The Rear End

Wreck the Halls

pretty sure Father Christmas doesn’t want us to do housework

Mike Paulus, illustrated by Serena Wagner |

Let’s start off with a Ye Olde Holly Jolly Holiday Disclaimer:

If you do not celebrate the holiday commonly known as “Christmas,” just pretend I’m offering you an extremely well-researched and articulate observation on the life of a Catholic-raised Midwesterner, and please do not assume that I assume you celebrate Christmas, as well. I do not assume so. That said ...

Raise your hand if you’ve ever gotten totally stressed out over something as simple as Christmas decorations. I’m not talking to you people out there with 25 holiday-themed inflatable lawn ornaments surrounding your house like giant, poofy sentinels. You people have your own set of problems. I’m talking to anyone with a bin or two full of holiday decorations stuffed into a dingy corner of the basement, just yearning to be freed from their Rubbermaid prisons to bring joy to the world around them. Your bins just sit there. Untouched. Unloved. Sad and alone while you put off your seasonal preparations for another week.
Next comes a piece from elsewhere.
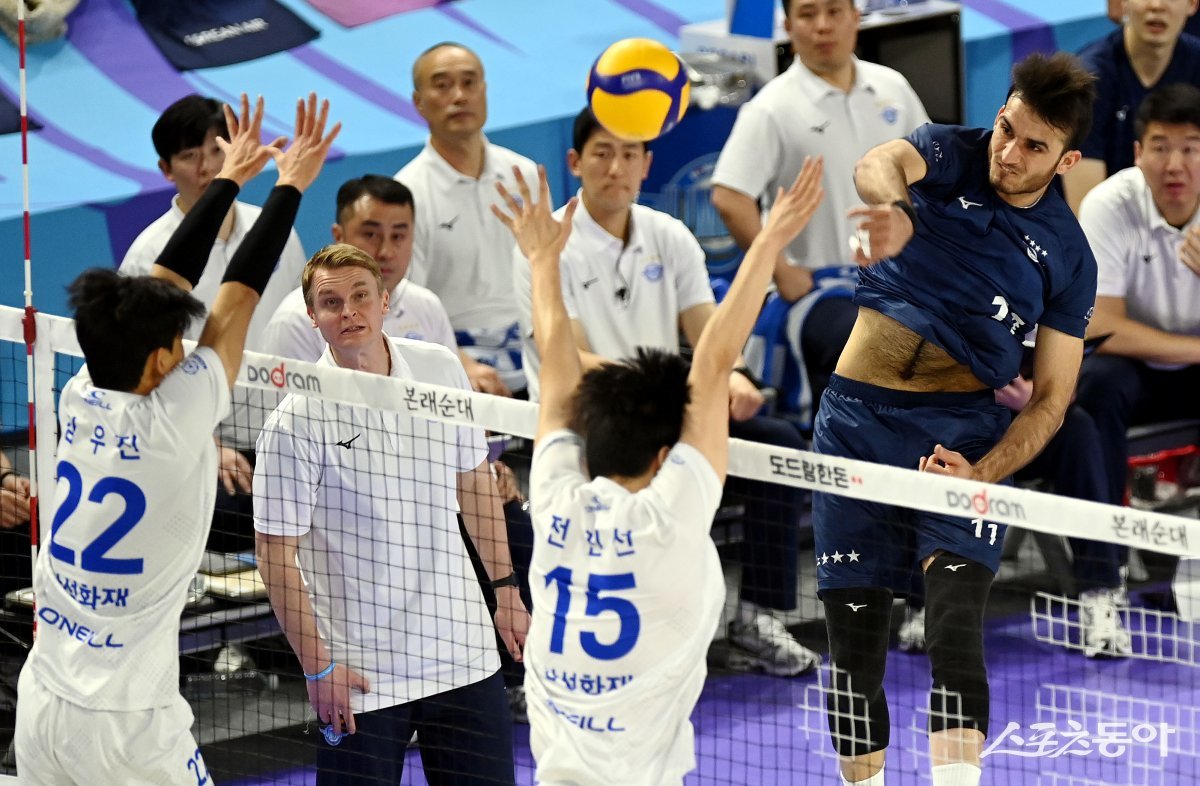16일 인천 계양체육관에서 ‘2023-2024 도드람 V리그’ 인천 대한항공과 대전 삼성화재의 남자부 경기가 열렸다. 대한항공 무라드가 삼성화재 블로커를 피해 스파이크를 날리고 있다.

People with your hands raised, I am one of you.

What is it about Christmas that turns a normal procrastinator into Captain McProcrastinator Pants? Is it the nog? It’s probably the nog.

My own problem with Christmas decorations is that, as much as I wish I kept up with my household duties, I may have left a chore or two undone. For years. And Christmas is a big, fat, jingle bell-festooned reminder that these things are still not finished.

One year my wife and I had a fresh, lush, real, mostly symmetrical Christmas tree all set up in our living room, and we just never got around to decorating it. I have no idea what we were doing with our carefree, child-free hours. Probably taking romantic, moonlit walks down snowy sidewalks, drinking hot toddies, and fondly staring into each other’s souls.

After Christmas we just left it up. Before our big New Years Eve party, we decorated it with party hats and noisemakers and stuff. So there’s a little Martha Stewart-style decorating tip for all you procrastinators – just go ahead and do things half-assed. You might end up with a weird party feature later on.

There may have even been a year or two when my wife and I just never bothered to get a Christmas tree at all, but I can’t remember (because of all the hot toddies and soul staring). I’m sure many of you younger Christmas-celebrating couples out there have done (or will be doing) the same thing at some point. Don’t feel bad. It happens.

However. If you’ve got kids, not getting a Christmas tree is simply not a viable option. Maybe you don’t have time to go get a tree. Maybe it’s too expensive this year. Maybe you’ve developed a horrible pine allergy. Well, that’s too bad because not getting a tree means you go straight to hell – a special kind of hell just for parents where you listen to an electronic Fisher-Price version of Let It Go on really crappy speakers. On repeat. Forever. While a three-year-old kid asks you, “Let what go?” On repeat. Forever.

My own problem with Christmas decorations is that, as much as I wish I kept up with my household duties, I may have left a chore or two undone. For years. And Christmas is a big, fat, jingle bell-festooned reminder that these things are still not finished. So I feel guilty and I feel the need to finish them before I can truly be ready to start stringing popcorn. But once my guilt has snowballed in a giant snowball of disgruntled angst, I fell about as festive as a frozen dog turd.

So instead of busting out the garland (the tinsel kind, not the Judy kind), I pretty much stare off into space and scowl.

But kids make it hard to ignore Christmas. They’re like big puppy dogs in cute lil’ Santa hats, singing a selection of classic holiday favorites, constantly reminding me what I jerk I am if I don’t bust out the giant Box o’ Christmas today. It’s easy to postpone your own holiday joy. It’s criminal to postpone your kids’ (in most states).

The looniest part of all this lunacy is that my kids don’t give a figgy pudding what the house looks like. Whilst prancing about the house hanging up decorations, they don’t see the shelves that need to be organized or the boxes that need to be put away or the dust that needs to be dusted. They just see the decorations. Like old friends they haven’t seen in years, they cradle the ornaments in their little hands. They see the sparkle and the color and the glow. They just see what’s important. And at the end of the season, that’s all they’ll remember.

And that’s all I need to remember, too.